TASK INPUT: Begin

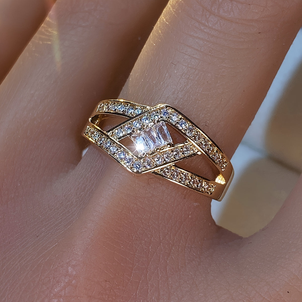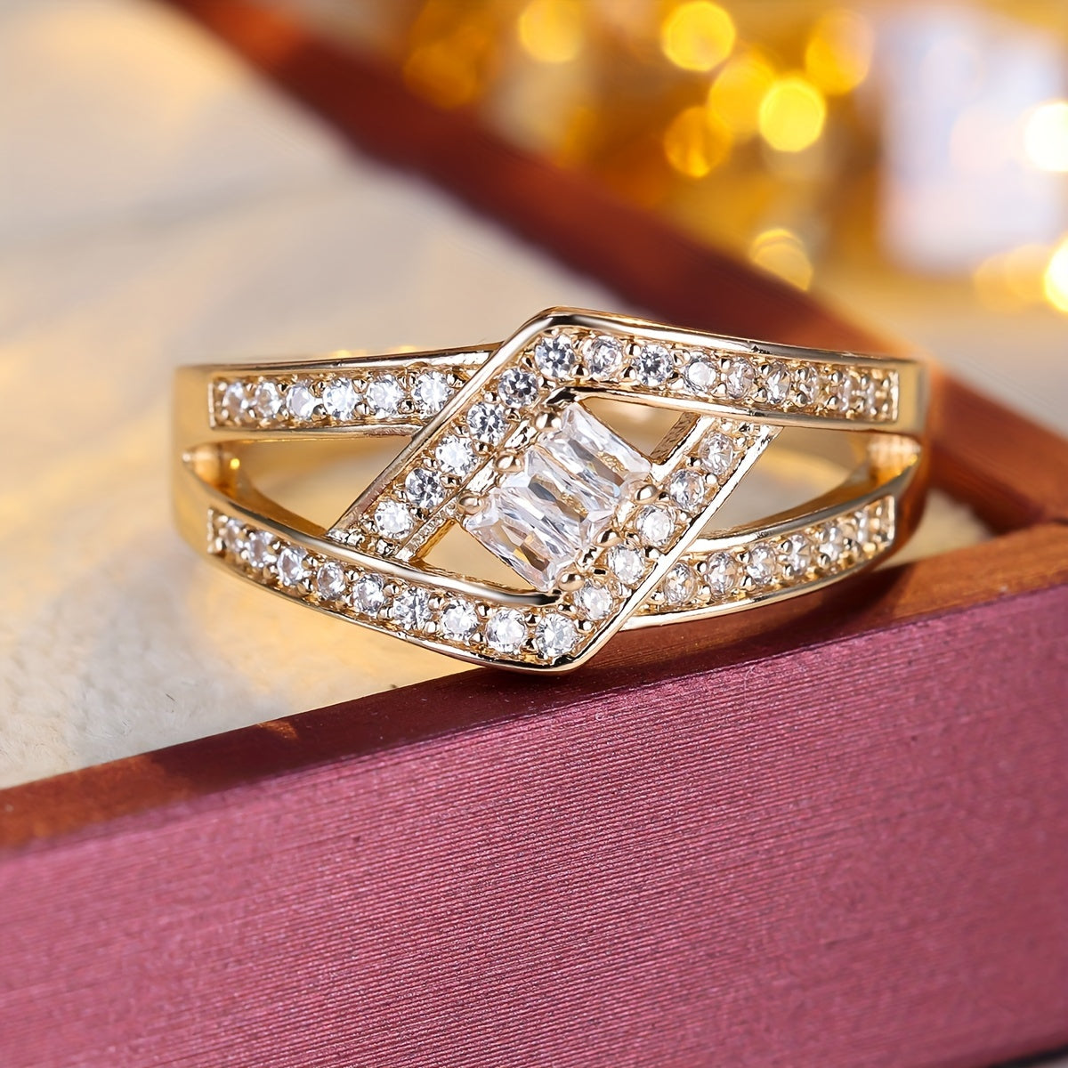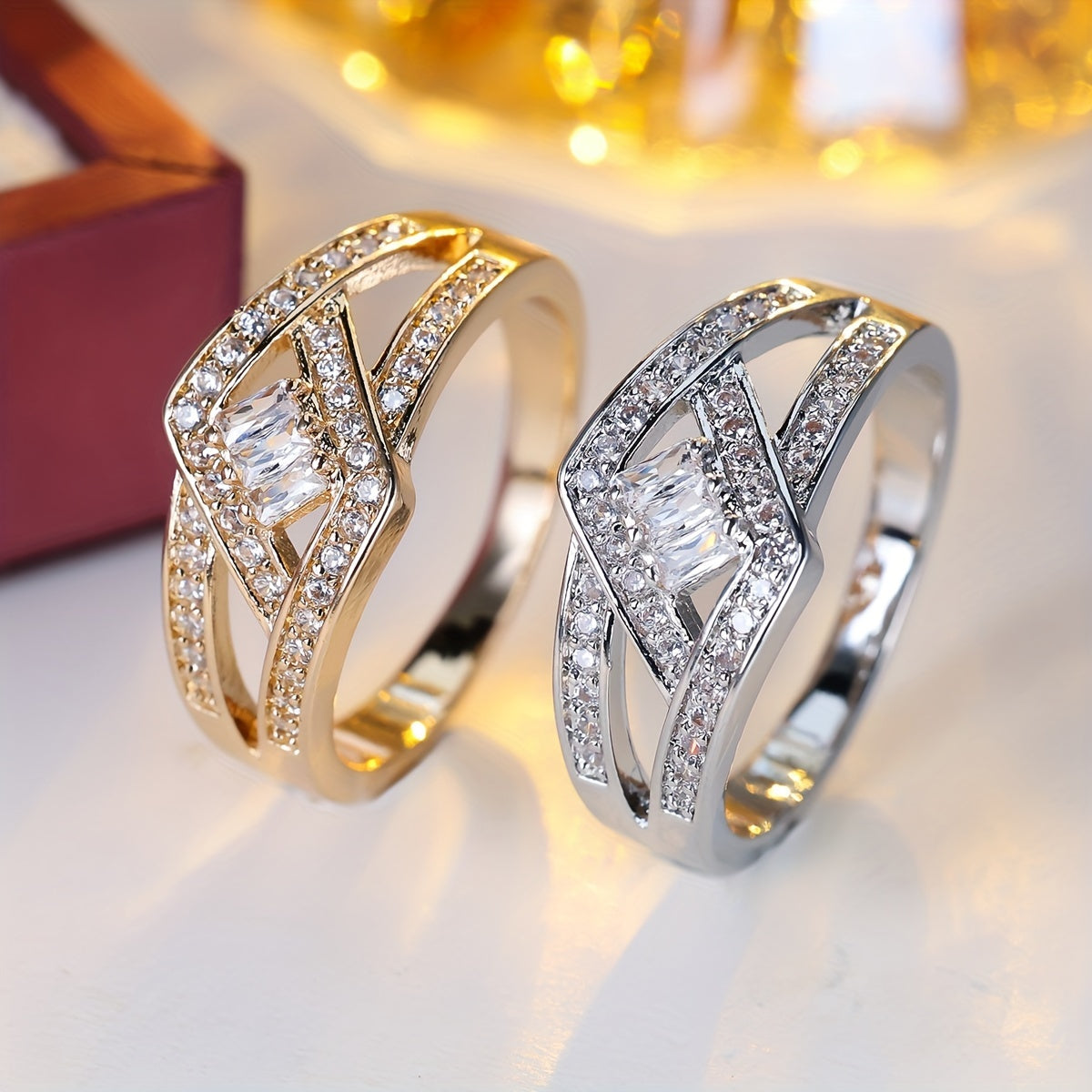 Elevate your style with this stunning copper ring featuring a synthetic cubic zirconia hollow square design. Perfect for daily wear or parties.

TASK INPUT: End
TASK INPUT: Begin

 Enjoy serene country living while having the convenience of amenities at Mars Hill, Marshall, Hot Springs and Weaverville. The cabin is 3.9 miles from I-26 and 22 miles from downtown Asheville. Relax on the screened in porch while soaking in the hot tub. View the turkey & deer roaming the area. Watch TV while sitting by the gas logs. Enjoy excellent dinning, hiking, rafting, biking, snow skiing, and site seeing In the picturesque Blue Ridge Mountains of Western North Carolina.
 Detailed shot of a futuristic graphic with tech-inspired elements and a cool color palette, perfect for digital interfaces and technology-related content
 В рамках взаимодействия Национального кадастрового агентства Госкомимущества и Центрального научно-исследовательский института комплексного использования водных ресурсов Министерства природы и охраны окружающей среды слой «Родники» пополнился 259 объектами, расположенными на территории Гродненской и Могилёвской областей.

TASK INPUT: End

TASK ITEM: Please give back exactly the lines of the listing above that run from the one containing "Enjoy serene country" through the one containing "Detailed shot of", and only those.

SOLVED EXERCISE:
 Enjoy serene country living while having the convenience of amenities at Mars Hill, Marshall, Hot Springs and Weaverville. The cabin is 3.9 miles from I-26 and 22 miles from downtown Asheville. Relax on the screened in porch while soaking in the hot tub. View the turkey & deer roaming the area. Watch TV while sitting by the gas logs. Enjoy excellent dinning, hiking, rafting, biking, snow skiing, and site seeing In the picturesque Blue Ridge Mountains of Western North Carolina.
 Detailed shot of a futuristic graphic with tech-inspired elements and a cool color palette, perfect for digital interfaces and technology-related content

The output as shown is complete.